The Recipe Against NBA Tanking: “Financial Bonuses and Draft Penalties”
NBA tanking is the league’s worst-kept secret: a practice widely debated yet, in many cases, profitable. Teams like the Utah Jazz and Washington Wizards are no longer hiding it, carefully managing veteran minutes to the point of near obstruction – all with one goal: worsen their record and climb the Draft Lottery standings.
While it’s true that today’s league has been shaped by teams willing to “bottom out” (just look at the young Oklahoma City Thunder or Victor Wembanyama’s arrival in San Antonio), the league is now exploring countermeasures to limit this competitive decline.

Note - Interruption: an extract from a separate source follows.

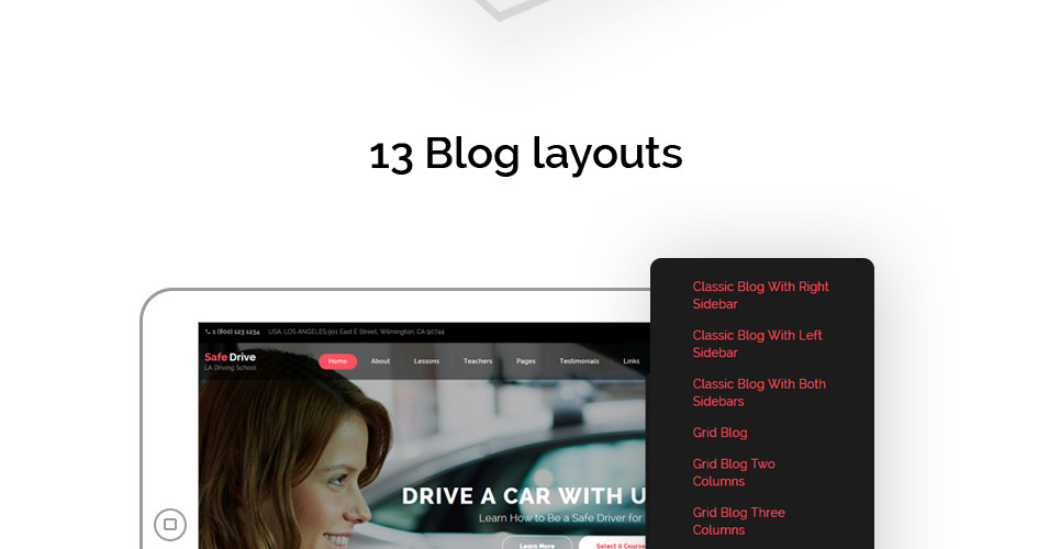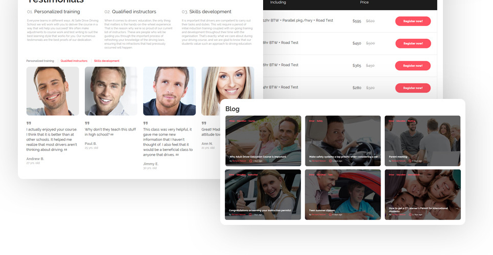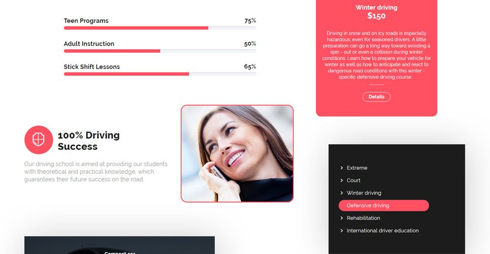This template is custom-made for traffic schools, driving education, business & services, society & people, sports, outdoors & travel websites. |

You could do it in two ways: there could be financial bonuses for every team. If the Wizards decide to say, ‘Yeah, we’re throwing these games away,’ then it should cost the players part of their salary, given the lack of effort. If that were the case, players would obviously care more
Bill Simmons
Among the most influential voices in the U.S. media landscape, Bill Simmons has proposed what feels like a merit-based revolution. According to the insider, losing should no longer be an unconditional advantage – especially when defeats turn into embarrassing blowouts. The idea? Penalize heavy losses.
Or, when it comes to franchises, for every loss by more than 15 points, you lose five Lottery balls
Bill Simmons
His vision outlines a bonus and malus system: franchises that choose to “throw” games could see their salary pools reduced or, even worse, lose valuable Lottery balls.

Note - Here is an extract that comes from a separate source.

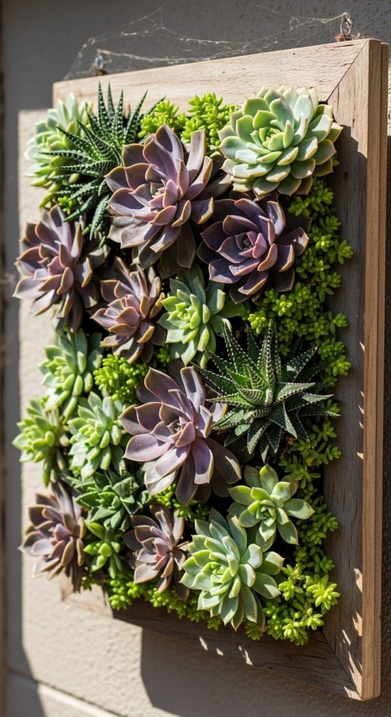 A vertical frame garden is an innovative way to display succulents, especially in small spaces. Materials include a shadow box or picture frame, chicken wire, sphagnum moss, and a selection of small succulents.

It’s a systemic paradox: building a contender often requires the Draft – as recent success stories like OKC prove – but rewarding deliberate mediocrity risks undermining the integrity of the game.
The challenge for the NBA will be finding a balance between the right to rebuild and the obligation to remain competitive, ensuring the court doesn’t become just a procedural step toward the future.